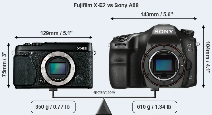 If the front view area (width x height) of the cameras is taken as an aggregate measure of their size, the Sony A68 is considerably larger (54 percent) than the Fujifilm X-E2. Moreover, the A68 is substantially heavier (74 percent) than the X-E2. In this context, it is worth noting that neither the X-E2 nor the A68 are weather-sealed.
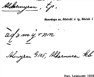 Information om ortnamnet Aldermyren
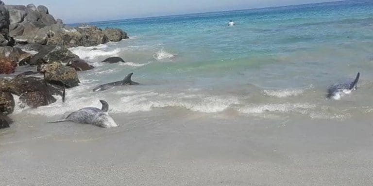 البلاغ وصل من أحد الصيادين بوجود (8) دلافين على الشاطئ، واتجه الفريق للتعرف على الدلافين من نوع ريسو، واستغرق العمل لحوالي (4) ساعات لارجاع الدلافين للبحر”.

────────

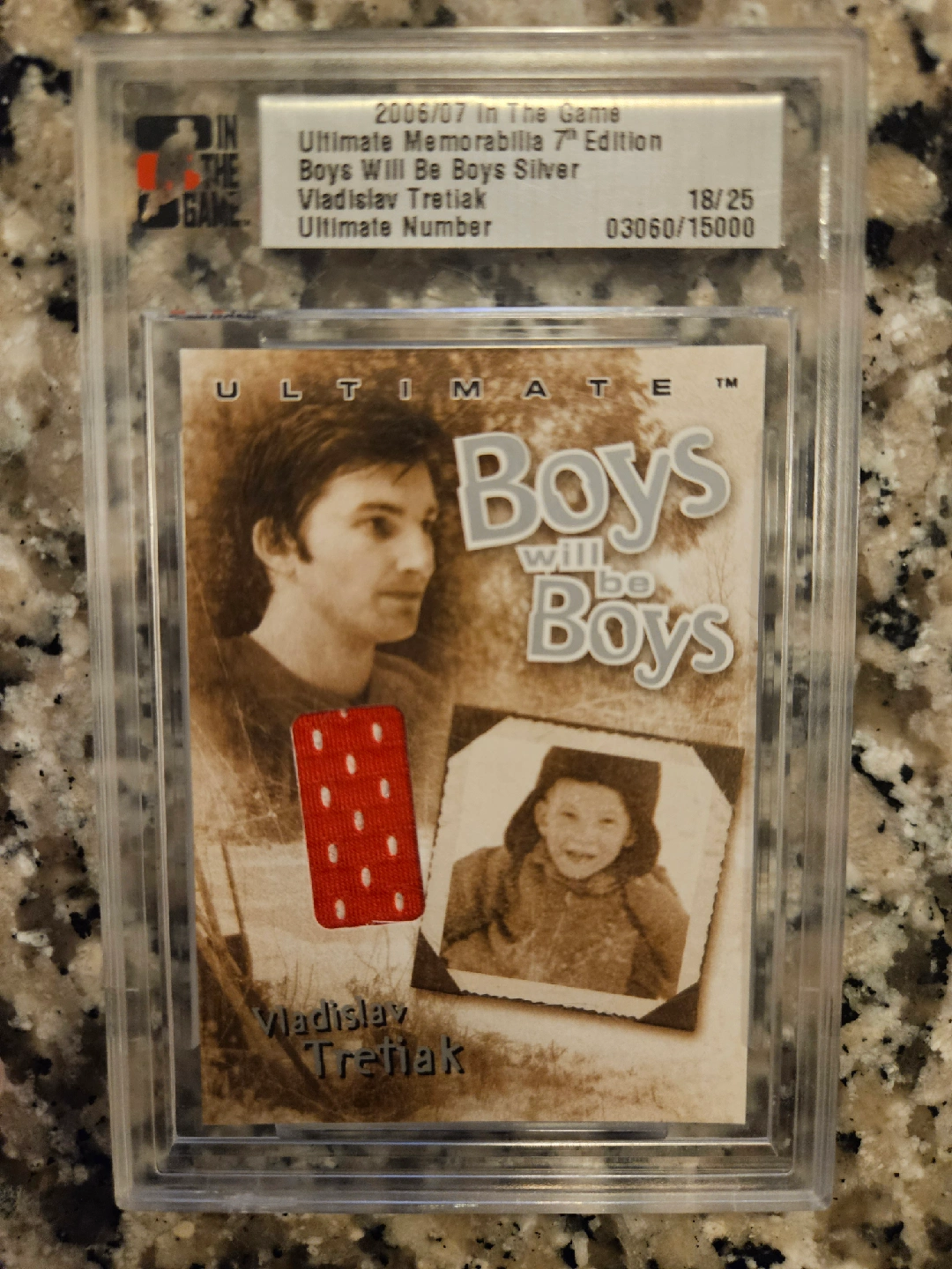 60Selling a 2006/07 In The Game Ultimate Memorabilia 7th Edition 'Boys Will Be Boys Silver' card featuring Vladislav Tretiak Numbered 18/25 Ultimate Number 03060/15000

────────

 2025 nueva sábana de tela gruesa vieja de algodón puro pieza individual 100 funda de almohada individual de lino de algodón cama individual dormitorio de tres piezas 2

────────

*What is expected:* Your reply should consist solely of the lines above from the line containing "If the front" up to and including the line containing "البلاغ وصل من", reproduced exactly, minus the pictures.

*Response:*
 If the front view area (width x height) of the cameras is taken as an aggregate measure of their size, the Sony A68 is considerably larger (54 percent) than the Fujifilm X-E2. Moreover, the A68 is substantially heavier (74 percent) than the X-E2. In this context, it is worth noting that neither the X-E2 nor the A68 are weather-sealed.
 Information om ortnamnet Aldermyren
 البلاغ وصل من أحد الصيادين بوجود (8) دلافين على الشاطئ، واتجه الفريق للتعرف على الدلافين من نوع ريسو، واستغرق العمل لحوالي (4) ساعات لارجاع الدلافين للبحر”.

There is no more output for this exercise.